Around them, outside the circle made by Rudi’s cries and Anna’s frantic repetitions of ‘It’s okay, lovie, it’s okay’ – charms
already broken by the disaster she should have prevented – questions and suggestions flowed.
‘What happened?’
‘What did he do?’
‘Qu’est-ce qu’il y a?’
The crowd – all women – addressed themselves to the first who had spoken, their queries laconic rather than urgent. This wasn’t their emergency, so they settled in to enjoy it. They were censorious too, staring accusingly at Anna, as if she had stabbed the child. Or, at least, had failed to protect him. If you were French, this would not have happened, they seemed to say. In the heat of their gaze, Anna felt herself to be careless, lazy, without standards. Her chaotic foreignness had allowed this disaster, so, although they were prepared to stand and watch, the women did not offer to help.
The glass, green and Gothic, was stuck deep into Rudi’s pudgy foot. The soft sand must have offered some hidden thing, Anna thought, a rock, perhaps, against which the glass had leveraged. Rudi, running unsteadily with a full bucket of water, had done the rest.
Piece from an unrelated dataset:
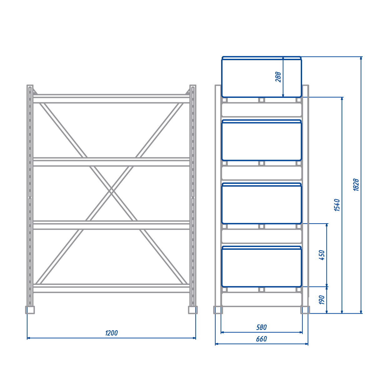 Грузоподъемность стеллажа / полки: до 2040 / 510 кг

Trying not to think of severed tendons or tiny slivers working their way into Rudi’s bloodstream, Anna plucked out the glass, then washed off the blood, slopping seawater from Rudi’s bucket onto his sticky foot.
‘Weren’t you clever to bring this?’ she said, forcing calm into her voice, trying to distract him from the pain.
A man from the crêperie at the far end of the little beach came over with a white plastic first-aid kit. He was small and
dark, sympathetic, where the women, still murmuring to one another, were not.
‘Merci. Vous êtes très gentil.’ Anna knew that once she had got rid of the blood, and put a plaster over the wound, the drama would dissipate. The crowd would disperse and Rudi’s sobs would quieten. By the time Maurice came back, there would be no trace of trauma, nothing to stop him tousling Rudi’s hair and saying, ‘I’m sure you were a brave boy,’ with the same useless bonhomie he would have adopted had Anna told him Rudi had made a magnificent sandcastle.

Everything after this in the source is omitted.